A good example: It sort of looks like something Mike Mignola would draw but the proportions are more cartoony.

This takes away much of the horror and grittiness, and I personally can't watch it without having flashbacks to "Clerks: The Animated Series," as the characters look really similar. As great as the film's voice cast is, there are noticeable absences, like Jeffrey Tambor's Tom Manning being voiced by "Darkwing Duck" voice actor Jim Cummings.
"All right team: Lets. Get. Dangerous!"

Further complicating matters (for me -- your mileage may vary) are other familiar voice actors that break the vibe and just cheapen the experience for me. Most notable is Kath Soucie, whose voice is always like nails grinding across a chalkboard to me and having her as the main villain takes away the terror as she sounds like Phil and Lil from "Rugrats."
"Hewwo! I'm Tewwifying!"

Rob Paulsen, who I love in other cartoons, sounds like "Rob Paulsen doing his inoffensive nerd voice" and really makes this feel like a Saturday morning rip-off. Cree Summer as Hecate is also sort of irritating, as I keep hearing her "blacksploitation voice" peeking through from her time on "Rugrats" and "Drawn Together." My only gripe with the story is that after the plot is satisfactorily wrapped up it devolves into Hellboy punching a goddess for 10 minutes, and that gets excessive.
This bit just feels sort of tacked on.

Not safe for kids. Sorry.

Do not, and I can't stress this enough, DO NOT watch this with young children. There's no sex, but there are depictions of gore, bloodletting, some nudity (breasts but no nipples), some brief swearing, some gunplay, and lots of death.
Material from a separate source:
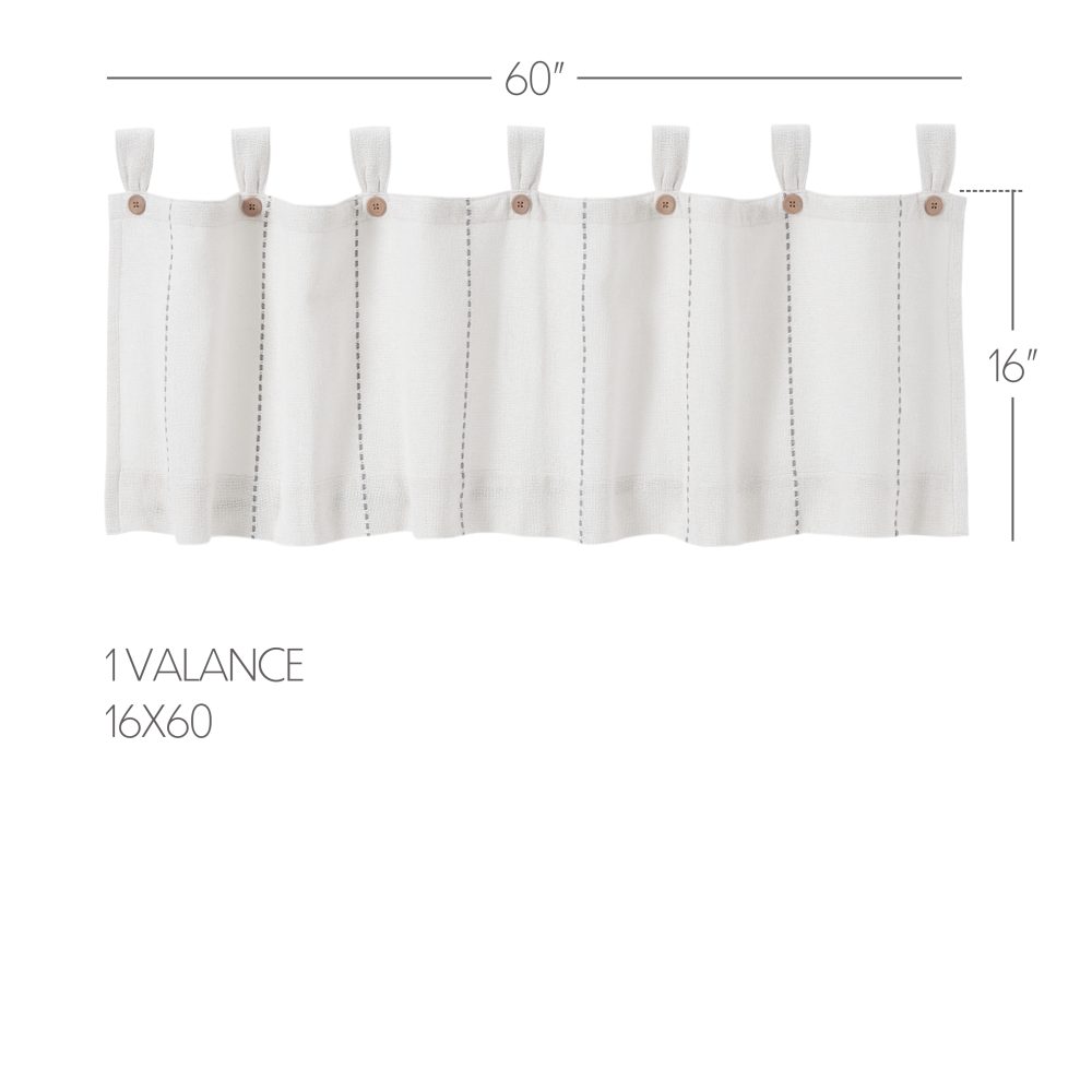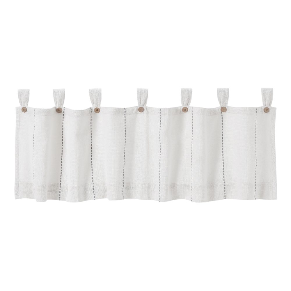 Transform your home with simple, country-style details. The Stitched Burlap White Valance 16x60 features clean white burlap coloring and charming stitched detailing in dove gray. Tabs included for easy hanging with button details for style. Lined for additional privacy.
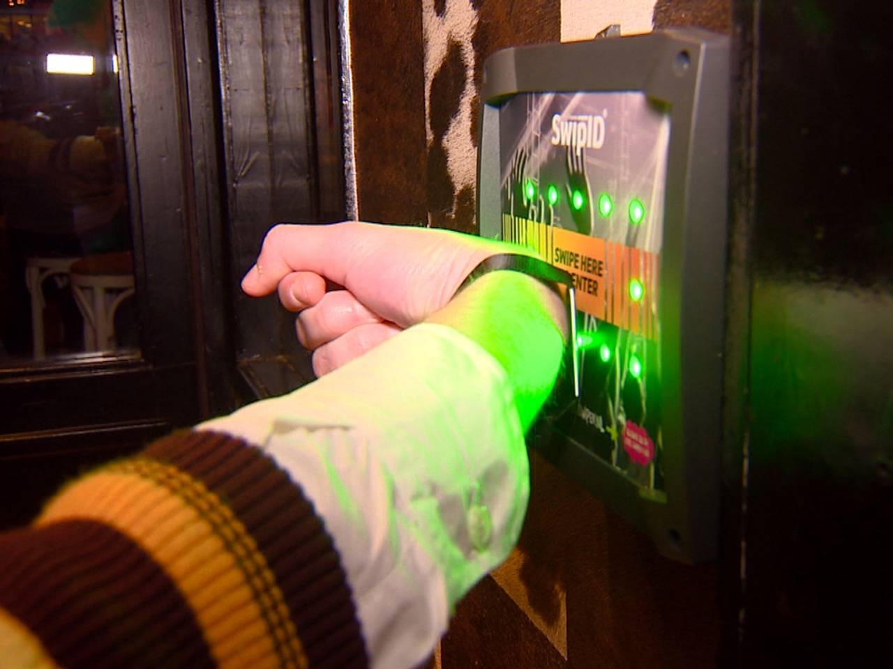 VIDEOPolsbandjes voor stappers die alcohol willen drinken op Stratumseind in Eindhoven16 mei 2014In Eindhoven is donderdagavond een nieuwe systeem gepresenteerd waarmee stappers makkelijker kunnen laten zien dat ze achttien jaar of ouder zijn. Door de verhoging van de alcoholleeftijd wordt in uitgaansgebebieden strenger gecontroleerd op identiteitskaarten. Het gevolg: ellenlange rijen en irritatie bij de stappers. De SwipID moet dit stoppen.

It looks cute and cuddly from the screenshots, but don't be fooled.

Too spooky for kids!

Also: Too sexy for kids.

This film is unrated, but I feel that it mostly translates to a strong "PG-13" or a very soft "R."

Where can you find it to watch?

"Hellboy Animated: Blood & Iron" is available on DVD, Blu-ray, and 4K Blu-ray, or you can stream it for no additional cost on YouTube Premium.